= It's So Funny =

North Korean comedy television series

It's So Funny ( (Note: Considering the records of programs aired during the times accessible at the site of the South Korean ministry of unification (Individual episodes or lists are linked as follows since the link cannot be accessed unless manually finding it since the current version only allows easy access until 2011 as of 2021.) https://nkinfo.unikorea.go.kr/nkp/theme/listNkTv.do#, the English title mentioned in the title could not be a translation, but a working title that was chosen by Reuters or the translator present at the interview. The closest show that can be identified with the show within the time frame near the release date of the Reuters article was this particular segment, aired in April 9th, 2010, as it can be found here. https://nkinfo.unikorea.go.kr/nkp/theme/nktvprgrList.do It could be referencing this episode from April 5th, 2010, which was titled 사기납니다, which means "This boosts morale!" https://nkinfo.unikorea.go.kr/nkp/theme/nktvprgrList.do)) is a North Korean comedy television show.

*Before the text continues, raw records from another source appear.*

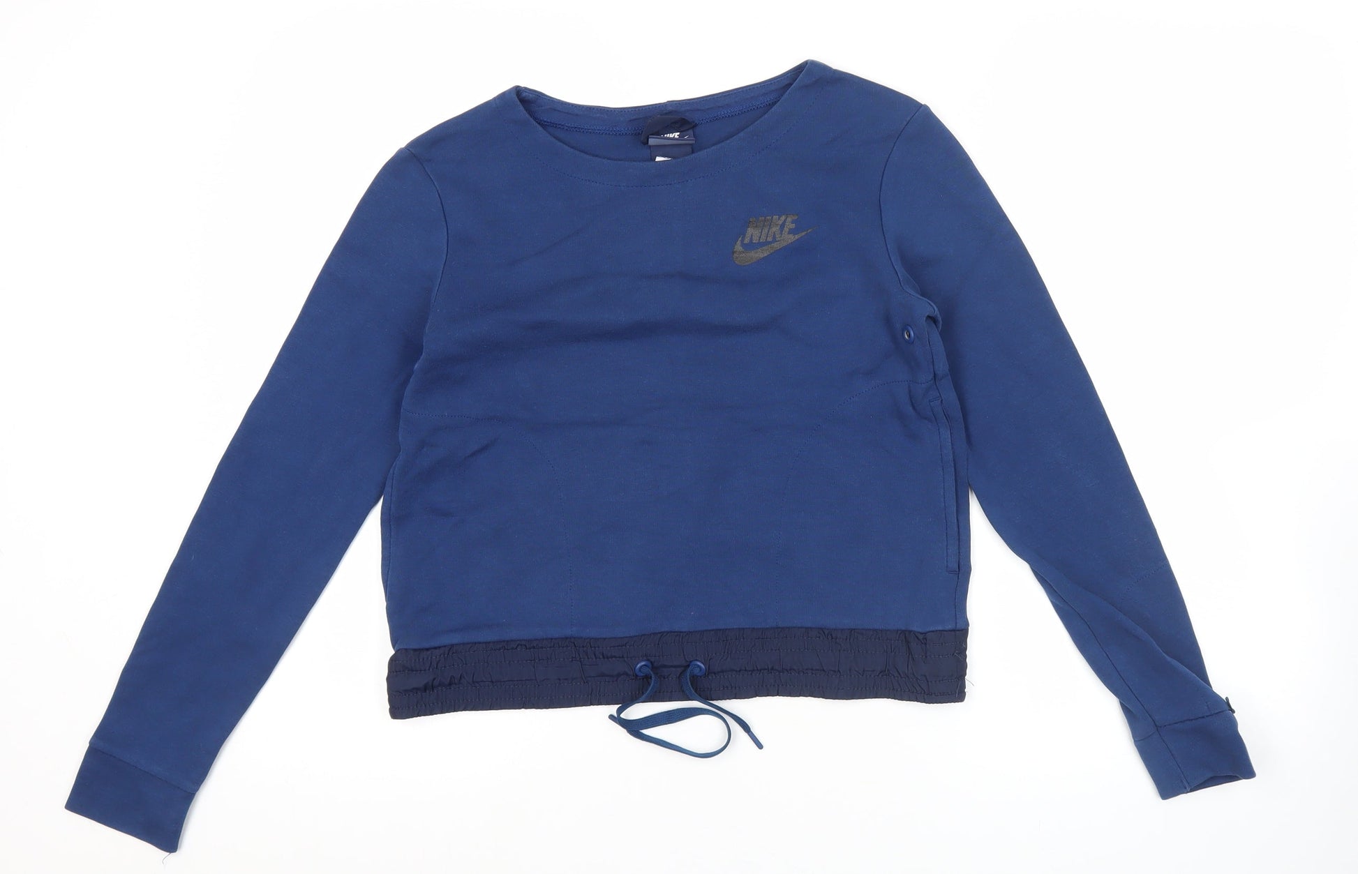 Nike Women’s Blue Pullover Sweatshirt S Logo Drawstring Activewear
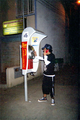 Plano medio. Sujeto en cabina telefónica. Toma lateral de personaje central. Detalle de pies que sobresalen bajo cabina telefónica, otorga comicidad a la escena. Foco en costado superior derecho.
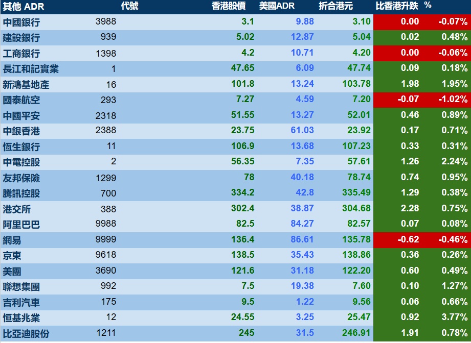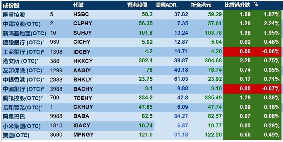 智通财经APP获悉,周五,美股三大指数集体收涨,港股ADR指数上涨,按比例计算,收报19114点,较香港收市涨164.87点或0.86%。
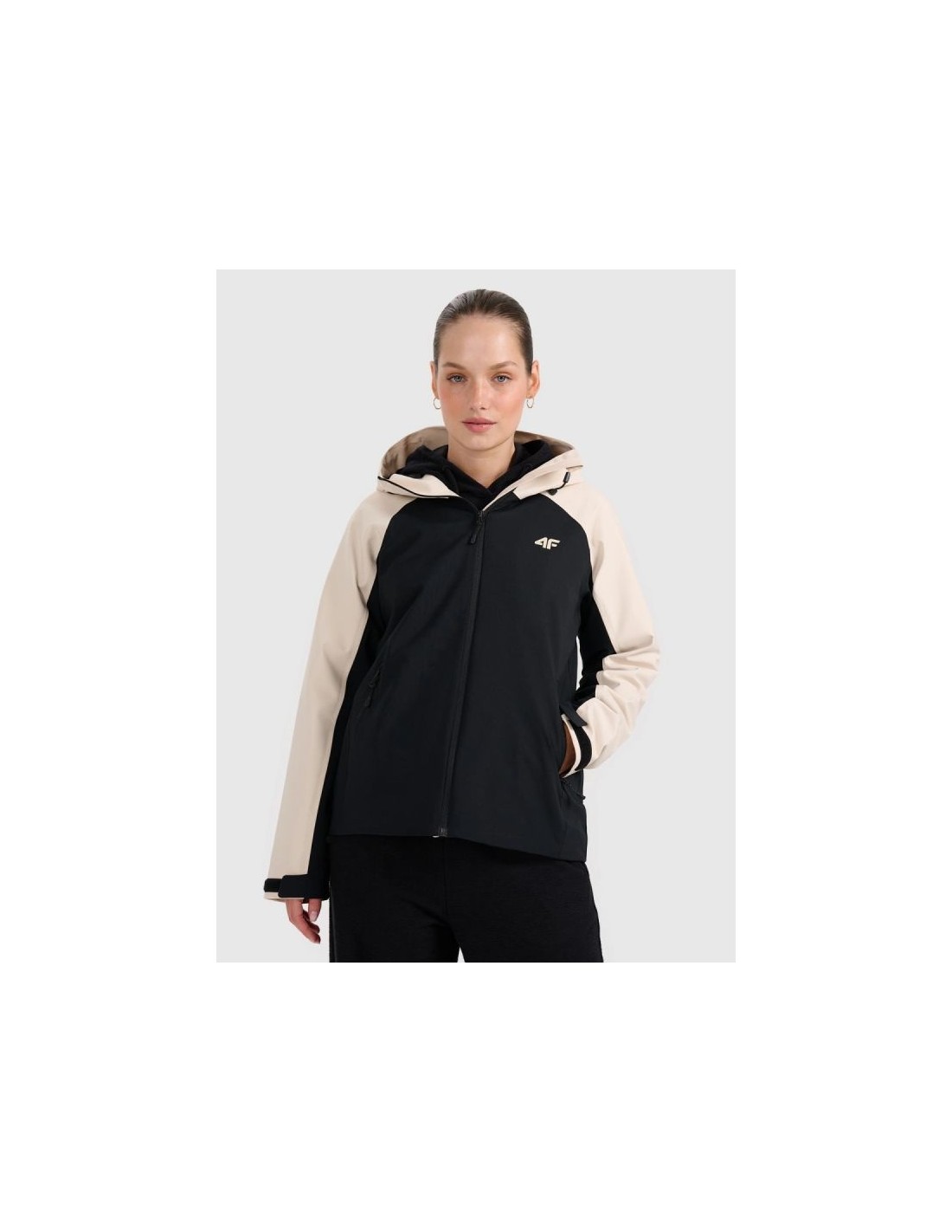Women’s transitional jacket with a hood – lightweight protection for everyday wear The 4f women’s transitional jacket is designed for everyday activities in variable weather conditions. Equipped with a Neodry 5000/3000 membrane, it effectively protects against light rain and moderate wind while ensuring good breathability. A hydrophobic outer coating reduces moisture absorption, while critically taped seams in the hood and shoulders enhance protection in key areas. A mesh lining improves air circulation, promoting thermal comfort on warmer days. The integrated, adjustable hood and high collar provide protection from the cold and wind. Hook- and-loop adjustable cuffs allow for a personalized fit, and practical zip pockets provide secure storage for small items. Women’s transitional jacket 4f – features: Neodry 5000/3000 membrane – protection against light rain and wind Hydrophobic coating – limits moisture absorption Critically taped seams – reinforced protection in the hood and shoulders Mesh lining – improved breathability and comfort Integrated adjustable hood for a better fit High collar – additional neck protection Velcro adjustable cuffs – individual fit 2 side pockets with zippers – safe storage of small items Internal zippered pocket – additional space for valuables One-way zipper with a wind flap – limits the penetration of cold Regular fit – comfortable fit and freedom of movement Composition : 100% polyester
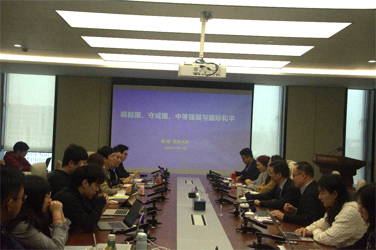 门洪华院长对胡键教授的到来表示热烈欢迎。他指出,胡键教授担任同济大学长聘教授、当代马克思主义研究院副院长,曾长期在社科院系统工作,担任《社会科学》杂志社社长/总编。胡教授研究领域广泛,涵盖马克思主义理论、国际关系史、大国兴衰等多方向,学术成果丰硕,尤其在历史案例分析与理论构建方面具有深厚造诣。
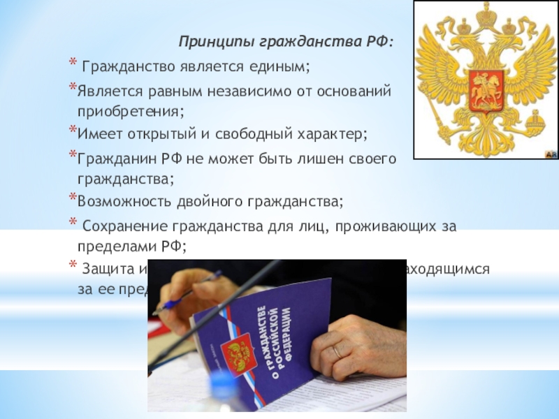 Принципы гражданства РФ: Гражданство является единым; Является равным независимо от оснований приобретения; Имеет открытый и свободный характер; Гражданин
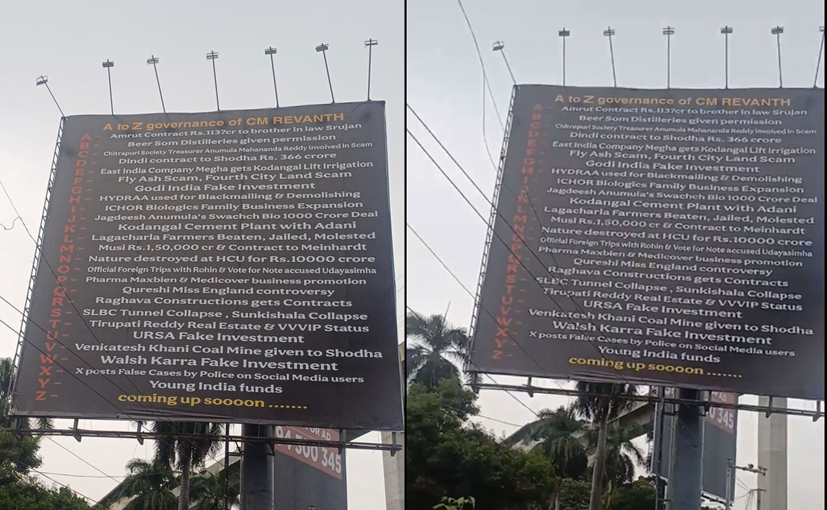 یہ ہورڈنگس جوبلی بس اسٹاپ کے قریب بھارت راشٹرا سمیتی (بی آر ایس) کے رہنماؤں کی جانب سے نصب کیے گئے ہیں۔ ان میں مزید دعویٰ کیا گیا ہے کہ کانگریس کے اقتدار میں زمینوں میں گھپلے، غیر قانونی کاروبار، کسانوں پر حملے، جعلی سرمایہ کاری اسکیمیں،غیرمجاز انہدامی کارروائیاں جیسے معاملات عام ہو چکے ہیں۔

These types of shows have been on the air since the 1970s, the start of state programming in North Korea, making them some of the world's longest-running television comedies as well as a staple of North Korean television.

The show usually consists of a man and a woman in military uniform having a conversation. The two protagonists sometimes sing, dance and try slapstick, involving activities which exceed the boundaries of common sense. The show is intended to improve troop morale. Its themes are often repetitive and its humor obscure, but its propaganda content in favor of the North Korean leadership is blunt.